3.1 Fined-Grained Structured Planning↩︎

Branch-and-Browse performs structured planning through hierarchical task decomposition and tree-based exploration. Given a global instruction \(i\), the agent first generates subtasks \(\{u_1, \dots, u_K\}\) via task_decomposition(), then explores each through iterative Reason–Act–Evaluation cycles. During exploration, active subtasks are adaptively refined using subtask_update() based on the current page context and progress (Figure 2).

3.1.0.1 Subtask Manager.

Similar to general agentic tasks [28][30], complex web instructions often require sequential reasoning over intermediate objectives. The subtask manager provides structured workflow control by maintaining an active subtask \(u_k\) at each iteration. Each subtask is defined by an objective function \(\mathcal{O}(u_k)\) and a success predicate \(\mathcal{A}(u_k)\) that indicates whether progress toward the goal has been achieved. Initially, the set of subtasks \(\{u_1, \dots, u_K\}\) is generated by \[\{u_1, \dots, u_K\} = \texttt{task\_decomposition}(i),\] where \(i\) is the natural language task intent. Since this decomposition occurs before any real page context is available, some subtasks may not align with the actual site structure—e.g., a subtask expecting a “sales report” section on an e-commerce homepage where such content does not exist. To address this, after each round of exploration, the manager performs a contextual update using \[u_k \leftarrow \texttt{subtask\_update}(u_k, o_t, \tau_{\leq t}),\] even when no progress is made. This adaptive refinement allows the agent to reinterpret or reformulate the current subtask based on observed evidence—such as replacing an unreachable objective with a semantically related alternative discovered through browsing. If \(\mathcal{A}(u_k)\) is satisfied, the subtask is marked as complete and the next subtask \(u_{k+1}\) is activated. This dynamic adjustment prevents dead-end reasoning and ensures that exploration remains grounded in the real page context.

3.1.0.2 Tree Exploration.

The exploration process is formulated as a search over a tree \(\mathcal{T}\), where each node represents a visited web page (state) and each edge corresponds to a candidate system action \(a_t \in \mathcal{A}\). The agent maintains a frontier \(\mathcal{F}\) of expandable nodes, each associated with a value estimate guiding prioritization [20]. At each iteration, the agent selects the node with the highest utility value \(v\) from the frontier: \[(o, v) \leftarrow \arg\max_{(o', v') \in \mathcal{F}} v'.\] The selected node \(o\) is then expanded by generating a set of candidate actions \(\{a_i\}_{i=1}^{b}\), where \(b\) is the branching factor controlling exploration breadth. Each action yields a successor observation \(o^{(i)} = T(o, a_i)\), which inherits contextual memory and the current subtask state from its parent.

Exploration proceeds through iterative Reason–Act–Evaluation cycles, during which the agent reasons about the next action, executes it, and evaluates the resulting page state.
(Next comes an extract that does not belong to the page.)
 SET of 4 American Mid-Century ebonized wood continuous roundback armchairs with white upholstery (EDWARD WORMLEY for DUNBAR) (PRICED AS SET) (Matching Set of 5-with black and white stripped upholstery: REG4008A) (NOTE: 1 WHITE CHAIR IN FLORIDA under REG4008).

Branches that achieve subtask goals trigger subtask_update() to transition to the next subgoal, while low-value or repetitive branches are pruned from the frontier. Replay links (dashed edges in Figure 2) allow fast backtracking and reuse of previously visited contexts, preventing redundant page loads. The process continues until a node satisfies the overall task goal \(\mathcal{G}(i)\) or the exploration budget \(c\) is consumed. This hierarchical, subtask-aware search structure ensures controllable exploration depth, efficient reuse of prior context, and robust completion of multi-step web tasks.

Figure 3: Example of reason context in branch-and-browse. During tree exploration, the agent on Page 3 reasons to execute a web interaction (browser_click), acts on the referenced element, and evaluates the outcome (score = 0), leading to Page 4. The page-level context records the task objective, progress summary, reason–action history, and page snapshot. The Page 3 Action Memory is updated by appending the new action (highlighted in blue) while marking it as irrelevant to the current goal. This cached record guides future reasoning, allowing the agent to avoid redundant exploration and efficiently backtrack during replay.
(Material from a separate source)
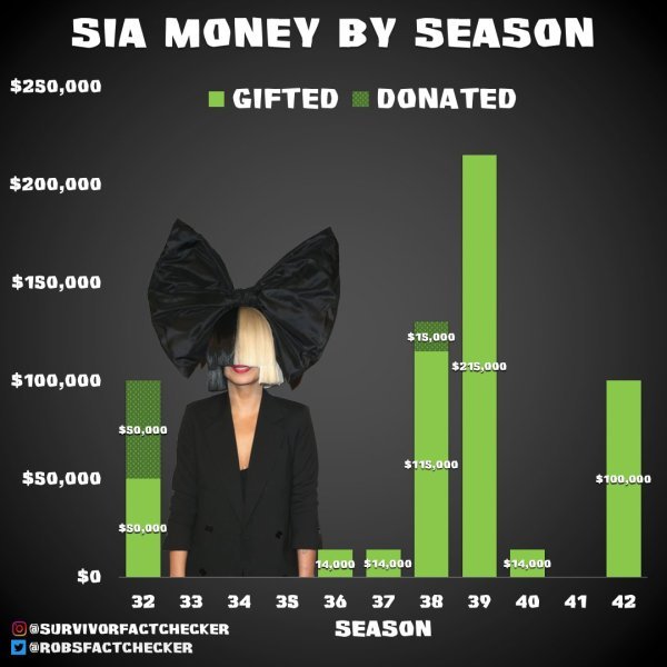La semana pasada, después de la emisión del final de la temporada, la cantante de Cheap Thrills anunció que continuaría con su tradición de entregar el Premio Sia. Desde la 33ª temporada del programa la cantante otorga este premio extra de dinero a sus concursantes favoritos.

3.2 Exploration Acceleration↩︎

To enhance the efficiency of structured planning, Branch-and-Browse incorporates two complementary acceleration mechanisms: nearest-URL state replay and background reasoning. These components reduce redundant execution, enable fast recovery from failed trajectories, and improve search efficiency by prioritizing promising branches without exhaustive expansion.
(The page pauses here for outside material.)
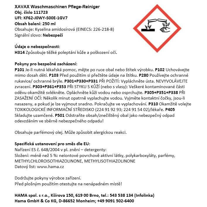 - odstraňuje nečistoty a nepříjemný zápach způsobený zbytky vodního kamene a pracích prostředků - nepříjemný zápach a usazeniny vznikají především kvůli nízké teplotě při praní (prací programy s teplotou nižší než 40°C) a úsporným programem; pravidelné čištění tomu zabraňuje - čistí i nedostupné časti pračky (výhřevná tělesa, hadice, mezery, těsnění, filtry, trysky a celý prací buben) - optimalizuje ohřívací výkon a šetří energii - pravidelné čištění snižuje riziko poškození pračky a zlepšuje prací výkon - bezpečnostní uzávěr - objem: 250 ml Informace pro spotřebitele: Použití Prostředek používejte pouze v prázdné pračce bez prádla, pracích prostředků. Obsah lahve nalejte do zásobníku na prací prostředek pro hlavní praní. Spusťte hlavní program při teplotě 95° a vyčkejte, dokud pračka nedokončí celý program.

3.2.0.1 Nearest-URL State Replay.

Backtracking is frequently required when exploration paths fail or deviate from the goal. A naive approach of replaying only by navigating directly to a saved URL often misses crucial intermediate actions—such as form filling or tab switching—that are necessary to reconstruct the precise state. Conversely, fully re-executing the entire trajectory \(\tau = (o_0, a_0, o_1, \dots, o_t)\) can be prohibitively time-consuming, especially for long sequences involving multiple page loads. To balance these trade-offs, Branch-and-Browse employs a nearest-URL replay strategy: to revisit an earlier state \(o_j\) (\(j < t\)), the agent restores the closest cached URL \(url_c\) (\(c \leq j\)) and replays only the remaining actions \((a_c, \dots, a_{j-1})\): \[\mathrm{\small Replay}(\tau, j) = \mathrm{\small Load}(url_c) \xrightarrow{a_c} \dots \xrightarrow{a_{j-1}} o_j.\] This hybrid approach preserves essential interaction context while avoiding redundant re-execution, achieving both accuracy and efficiency in backtracking.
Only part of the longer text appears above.